Los días del miedo - Dori Terán


                                          Resultado de imagen de cola de supermercado en el coronavirus




La vida se había convertido en película de ciencia ficción. Sutil, eso sí, sutil, muy, muy sutil. De la noche a la mañana se empezaron a contar muertos y la sutileza se hizo cruda realidad. Un enemigo invisible e intangible circulaba en poderoso silencio por nuestro tiempo y espacio.
Escalofríos, fiebre, tos y hambre, hambre de aire… tal vez una de las hambres más angustiosas entre tantas hambres.
Y mientras unos luchaban en la guerra sin cuartel que se desató en los hospitales, mientras sanitarios del mundo buscaban y aplicaban a los que se ahogaban todos los remedios que parecían ofrecer alivio y sanación, otros, muchos, se encerraban a cal y canto en sus hogares o en aquel otro cobijo donde el virus había sorprendido movimientos puntuales de su camino.
¡Que las toses portadoras y expulsoras del autor infeccioso en las minúsculas gotitas de la saliva no nos alcancen!. ¡Que nadie me robe el aire!
Y así un día y otro día, el mundo en parálisis.
¿Quién será el valiente que se acerque al mercado a comprar alimentos, a acopiar la despensa y la nevera?.
Vivía solo. Saldría, sin remedio
Andrés coloco la mascarilla protectora tapando la boca y la nariz en su cara y salió a la calle.
El significado de su nombre, “hombre viril y fuerte” vistió su voluntad y su mente.
La ciudad campo desértico se le antojaba llena de fantasmas escondidos en oscuros rincones y esquinas.
Nunca su imaginación había alcanzado a pensar que un día iba a echar de menos el ruido y bullicio que la vida agitada y convulsa manifestaba de continuo, cada día, a todas las horas en la gran urbe.
Algún que otro dueño con su perro rompían el silencio con ladridos orgullosos, sabiéndose con derecho. El estado de alarma concedía ese privilegio a los chuchos y ciertamente el encuentro aliviaba la congoja de la sorda soledad que se propagaba en el viento.
Ya ante la puerta del supermercado, se colocó en el lugar que le correspondía en una pequeña fila que valientes como él formaban para poder acceder a las compras.
Un muchacho empleado de la tienda iba dando paso. Según salía con la compra un cliente, otro pasaba dentro.

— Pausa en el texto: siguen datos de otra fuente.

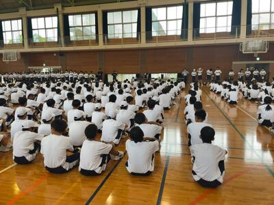 10月10日に、寄贈式を行いました。この式は、本校の学校医を40年間つとめていただいた田中病院の田中浩夫会長から総額約1000万円の体育用品等を寄贈していただいたことに伴う式です。式には、田中病院の椿原事務長に来校していただき田中会長のあいさつを代読していただきました。あいさつでは、本校生徒の「健全育成」・「体力向上」を願って寄贈していただいたことを話をされました。サッカーゴールやバレーボールのネット、折りたたみ式のテントなど寄贈されたものには「田中病院寄贈」のシールが貼られています。大切に使用していきたいと思います。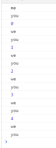 var i = 0; function init() { console.log('me'); } function isValid() { console.log('you'); return i < 5; } function update() { console.log('we'); i++; } for(init(); isValid(); update()) { console.log(i); }
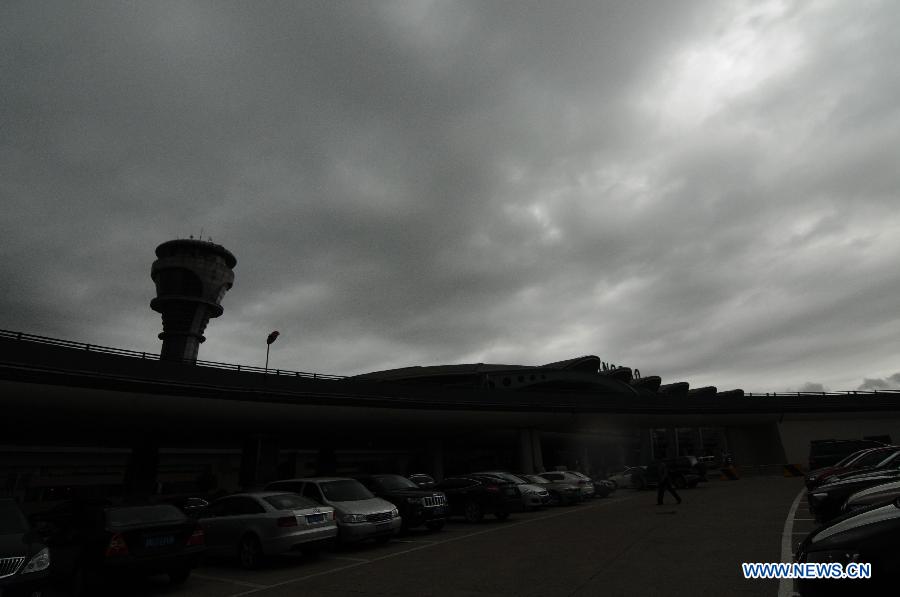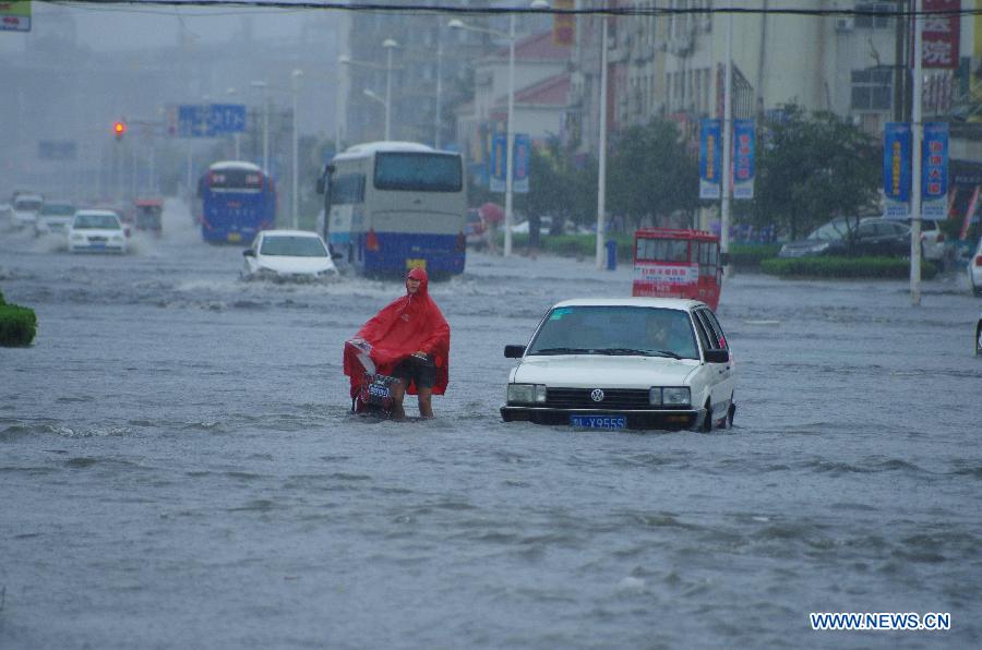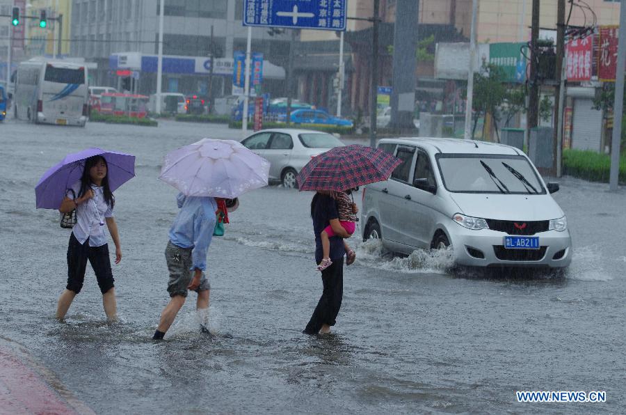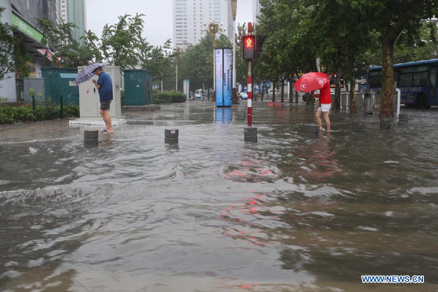 People walk on a waterlogged road in rainstorm in Yantai City, east China's Shandong province, July 25, 2014. Typhoon Matmo brought rainstorms to the province. (Xinhua/Shen Jizhong)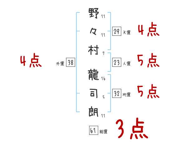 天運![]() | 野々村龍司朗さんの天運は29画の4つ星!完全主義で才能がある。厳格な心の持ち主。 家系が持つ宿命的な運勢を表します。祖先から受け継いだ苗字ですので自分の力が及びません。家柄を象徴します。 |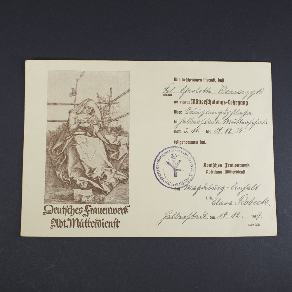 About the item: Very nice and in very good condition Deutsches frauenwerk abt mutterdienst' certificate. This card was from a German mother who took some classes at the DFW. About the DFW: Das Deutsche Frauenwerk (DFW) was a National Socialist women's organization established in October 1933. Alongside the NS-Frauenschaft, the DFW served as a central body for members of the gleichgeschalteten (coordinated) women's associations from the Weimar Republic. These included nationalist and conservative women's groups such as the Bund Königin Luise, Evangelisches Frauenwerk, the Sisterhood of the German Red Cross, and the Reichsbund der deutschen Hausfrauen. The DFW played a key role in aligning women's activities with Nazi ideology, promoting traditional gender roles, and integrating existing women's organizations into the regime's social and political framework. Click HERE for more info about the Reichsparteitag

Guantes de “los de la fruta” en las manos, obligatorio el invento y gel hidroalcohólico al tiempo, antes de coger el carro de transporte en el evento.
Llegó su turno y ya frente a los estantes de alimentos fue cargando y cargando, acumulando y acumulando…
Tras el tiempo de pasar caja y pagar el aprovisionamiento, volvió despacio a su casa porque no pudo corriendo. Se le partían los brazos con tan excesivo peso.
Y ya en su hogar con puerta cerrada, suspiró profundo y lento. Contento sacó la cafetera del armario para saborear muy dispuesto el gusto y aroma de su brebaje preferido, un café cargado e intenso.
¡Más que olvido el suyo, no, no puede ser cierto!…¡entre las viandas no está, no se encuentra el oro negro!.
Y se tomó un vaso de agua como si quisiera lavar el miedo, ese temor que nos priva de pensar, sentir y hacer todo lo que más queremos.